▶ **Records for the task**

☆ ☆ ☆ ☆ ☆

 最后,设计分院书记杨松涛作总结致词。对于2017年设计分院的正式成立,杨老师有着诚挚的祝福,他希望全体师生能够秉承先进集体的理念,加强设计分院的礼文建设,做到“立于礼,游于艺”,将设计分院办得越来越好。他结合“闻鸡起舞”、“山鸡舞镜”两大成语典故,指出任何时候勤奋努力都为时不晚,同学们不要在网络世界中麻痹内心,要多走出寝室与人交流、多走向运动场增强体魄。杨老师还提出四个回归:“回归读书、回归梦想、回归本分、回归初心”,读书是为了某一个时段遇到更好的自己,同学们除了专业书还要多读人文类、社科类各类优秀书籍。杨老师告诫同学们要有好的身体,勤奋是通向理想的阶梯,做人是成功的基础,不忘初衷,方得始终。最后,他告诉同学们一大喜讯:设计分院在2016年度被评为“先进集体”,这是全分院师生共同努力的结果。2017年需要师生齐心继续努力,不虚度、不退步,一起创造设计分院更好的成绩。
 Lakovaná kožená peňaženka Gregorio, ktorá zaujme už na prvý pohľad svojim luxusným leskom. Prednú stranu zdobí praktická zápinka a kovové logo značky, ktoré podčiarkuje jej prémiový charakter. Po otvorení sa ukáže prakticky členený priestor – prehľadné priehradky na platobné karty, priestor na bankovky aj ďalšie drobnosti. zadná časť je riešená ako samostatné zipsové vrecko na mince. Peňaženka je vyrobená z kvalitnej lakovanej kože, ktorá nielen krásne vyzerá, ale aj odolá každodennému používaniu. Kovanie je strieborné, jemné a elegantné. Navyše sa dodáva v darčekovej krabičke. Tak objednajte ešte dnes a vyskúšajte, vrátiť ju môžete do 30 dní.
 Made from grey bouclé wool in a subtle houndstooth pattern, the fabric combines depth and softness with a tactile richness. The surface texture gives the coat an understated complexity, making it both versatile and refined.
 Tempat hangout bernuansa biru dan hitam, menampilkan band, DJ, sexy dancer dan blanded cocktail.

☆ ☆ ☆ ☆ ☆

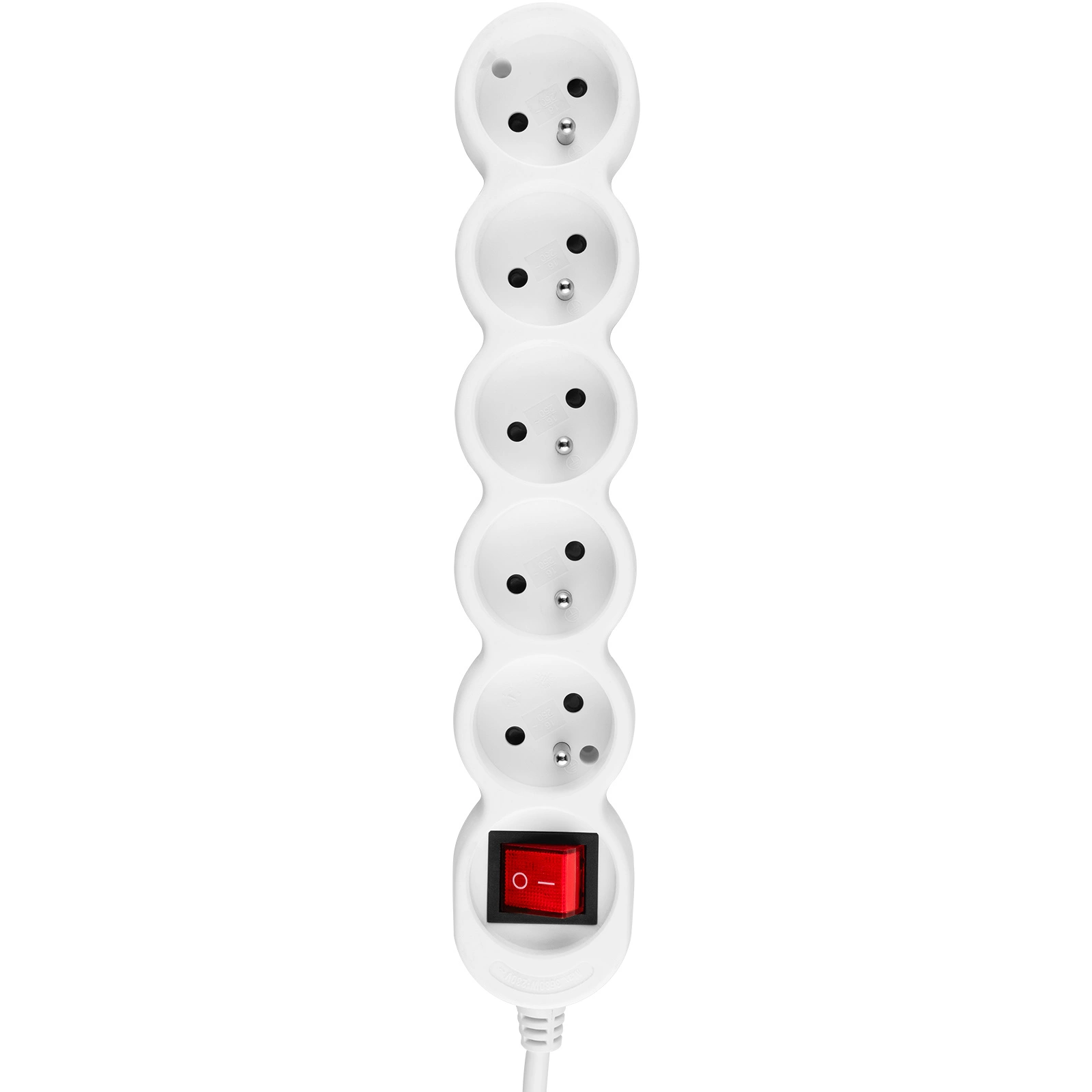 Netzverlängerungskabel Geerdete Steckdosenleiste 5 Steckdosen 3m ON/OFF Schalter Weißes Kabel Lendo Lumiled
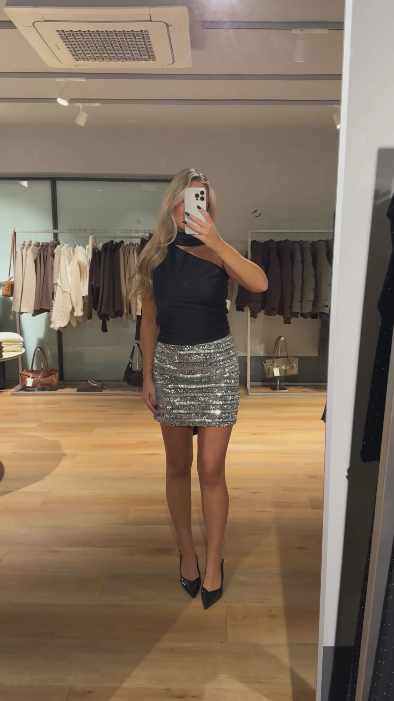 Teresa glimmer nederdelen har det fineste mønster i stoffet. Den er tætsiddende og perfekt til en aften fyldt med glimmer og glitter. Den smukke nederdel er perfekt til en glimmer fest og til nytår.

☆ ☆ ☆ ☆ ☆

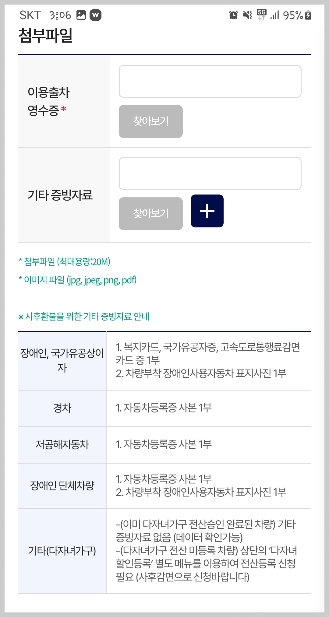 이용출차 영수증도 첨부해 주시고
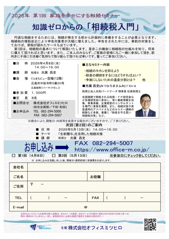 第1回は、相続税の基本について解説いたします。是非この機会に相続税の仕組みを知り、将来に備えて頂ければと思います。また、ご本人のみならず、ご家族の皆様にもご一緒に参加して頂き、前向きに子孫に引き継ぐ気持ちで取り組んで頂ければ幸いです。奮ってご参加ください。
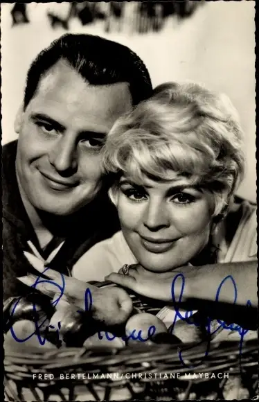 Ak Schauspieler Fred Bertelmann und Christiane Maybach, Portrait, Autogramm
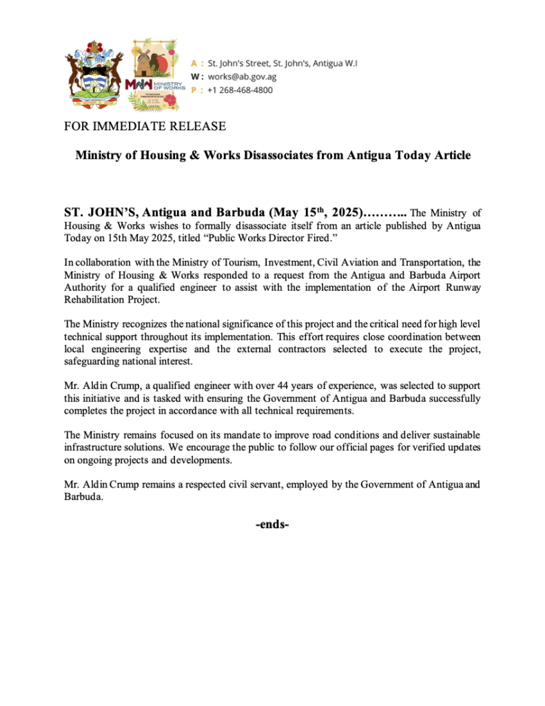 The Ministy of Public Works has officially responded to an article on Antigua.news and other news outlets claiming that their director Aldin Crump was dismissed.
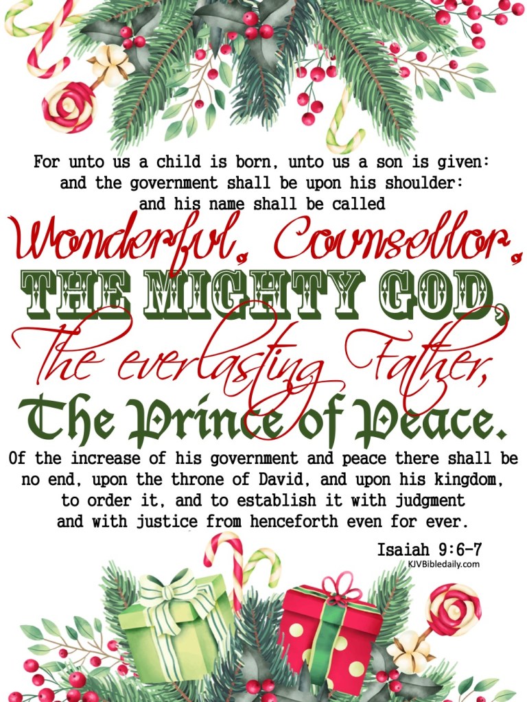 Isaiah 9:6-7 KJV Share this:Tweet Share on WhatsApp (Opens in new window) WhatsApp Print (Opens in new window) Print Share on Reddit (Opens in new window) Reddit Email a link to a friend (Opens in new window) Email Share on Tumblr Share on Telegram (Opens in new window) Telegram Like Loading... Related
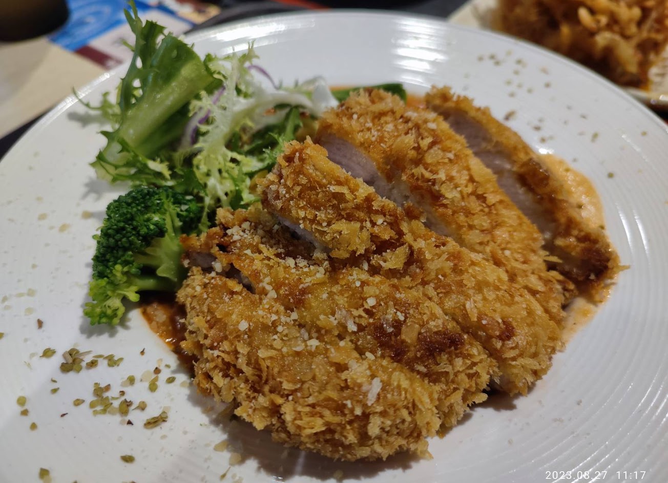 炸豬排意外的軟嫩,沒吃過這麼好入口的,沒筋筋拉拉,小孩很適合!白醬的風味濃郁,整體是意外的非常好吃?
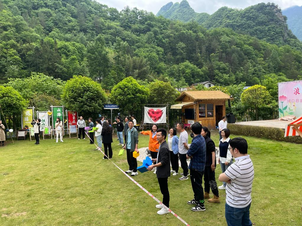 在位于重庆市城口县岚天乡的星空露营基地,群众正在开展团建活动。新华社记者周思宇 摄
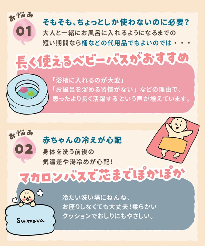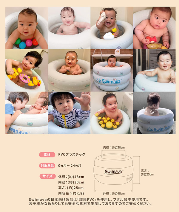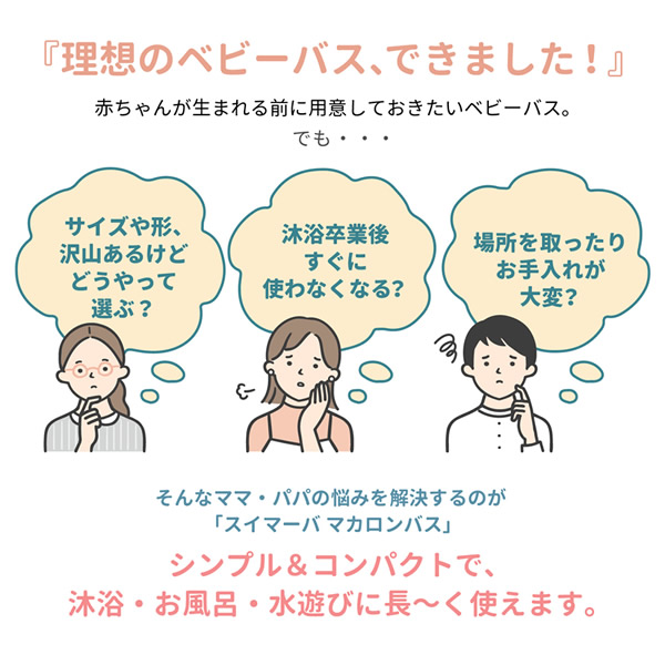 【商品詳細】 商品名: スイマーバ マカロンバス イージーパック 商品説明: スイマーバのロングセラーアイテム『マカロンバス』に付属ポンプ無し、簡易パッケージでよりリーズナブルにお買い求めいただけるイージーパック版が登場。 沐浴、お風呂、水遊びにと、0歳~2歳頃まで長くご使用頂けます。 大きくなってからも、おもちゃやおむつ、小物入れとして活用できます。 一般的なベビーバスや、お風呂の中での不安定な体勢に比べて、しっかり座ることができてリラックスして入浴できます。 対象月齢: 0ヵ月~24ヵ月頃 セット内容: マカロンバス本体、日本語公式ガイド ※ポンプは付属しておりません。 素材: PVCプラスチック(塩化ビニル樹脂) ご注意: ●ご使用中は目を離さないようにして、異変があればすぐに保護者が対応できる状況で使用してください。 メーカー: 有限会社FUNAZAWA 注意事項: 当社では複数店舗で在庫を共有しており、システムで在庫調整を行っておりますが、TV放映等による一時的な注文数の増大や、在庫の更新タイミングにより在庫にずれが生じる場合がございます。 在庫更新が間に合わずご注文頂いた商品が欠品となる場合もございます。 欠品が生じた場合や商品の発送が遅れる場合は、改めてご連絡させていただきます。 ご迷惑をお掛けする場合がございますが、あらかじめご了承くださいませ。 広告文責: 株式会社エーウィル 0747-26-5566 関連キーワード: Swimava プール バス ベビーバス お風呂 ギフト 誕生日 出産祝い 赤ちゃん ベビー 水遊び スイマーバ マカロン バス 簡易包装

☆ ☆ ☆ ☆ ☆

Set down exactly the lines above, from the line containing "炸豬排意外的軟嫩,沒吃過這麼" through the line containing "在位于重庆市城口县岚天乡的星". Skip the pictures.

 炸豬排意外的軟嫩,沒吃過這麼好入口的,沒筋筋拉拉,小孩很適合!白醬的風味濃郁,整體是意外的非常好吃?
 在位于重庆市城口县岚天乡的星空露营基地,群众正在开展团建活动。新华社记者周思宇 摄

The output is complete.